PROBLEM DESCRIPTION
Here is a listing, set out below; repeat its lines from the one with "Features a drawstring" to the last, both included, and leave out the pictures.

PROVIDED DATA
══════════════════════════════

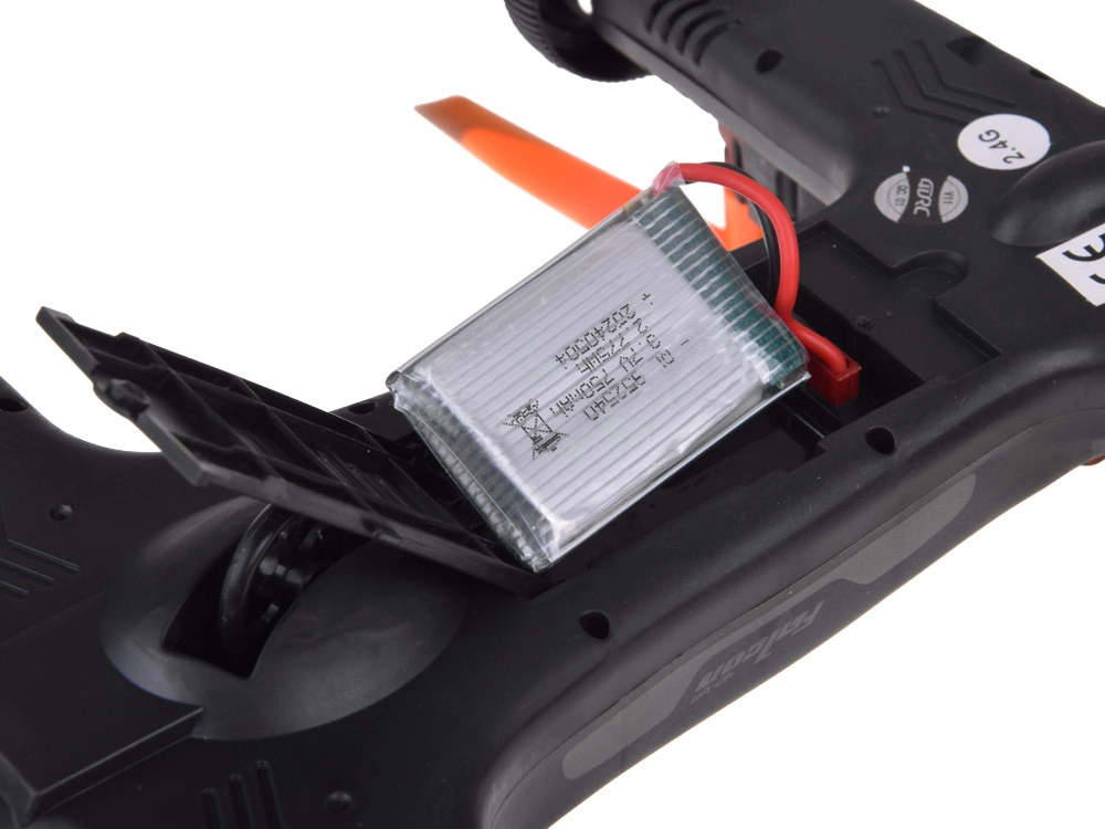 - dron/auto 2‑u‑1, upravljač, akumulator, USB kabel, odvijač, 2× rezervni propeler
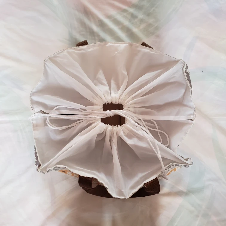 Features a drawstring closure, side buttons and a front pocket
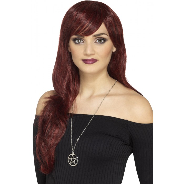 Окултно колие с Пентаграм, сребърно е изработено от метал. Подходящ аксесоар за Хелоуин, парти, карнавал и всякакви забавления.
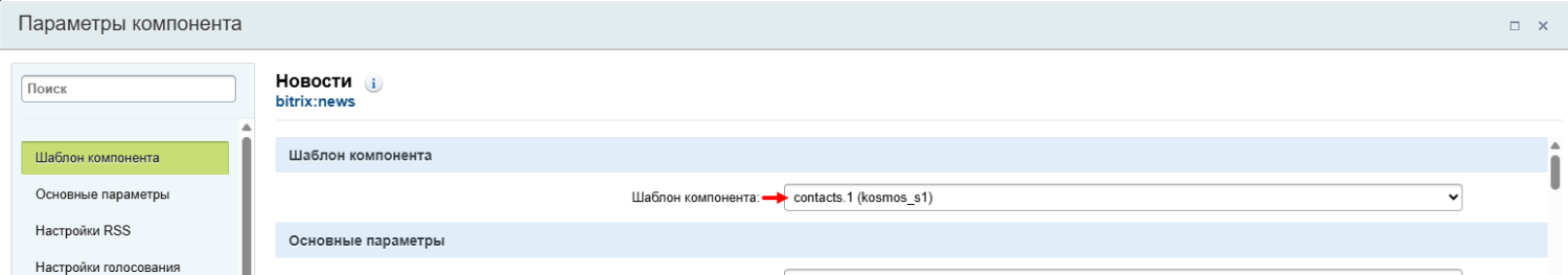 Затем выберем инфоблок, из которого будут тянуться контакты и укажем количество элементов для отображения. Также не забываем про "Глобальные настройки": если галочка отмечена, то настройки компонента будут производиться с помощью синей шестеренки.

══════════════════════════════

RESULT
 Features a drawstring closure, side buttons and a front pocket
 Окултно колие с Пентаграм, сребърно е изработено от метал. Подходящ аксесоар за Хелоуин, парти, карнавал и всякакви забавления.
 Затем выберем инфоблок, из которого будут тянуться контакты и укажем количество элементов для отображения. Также не забываем про "Глобальные настройки": если галочка отмечена, то настройки компонента будут производиться с помощью синей шестеренки.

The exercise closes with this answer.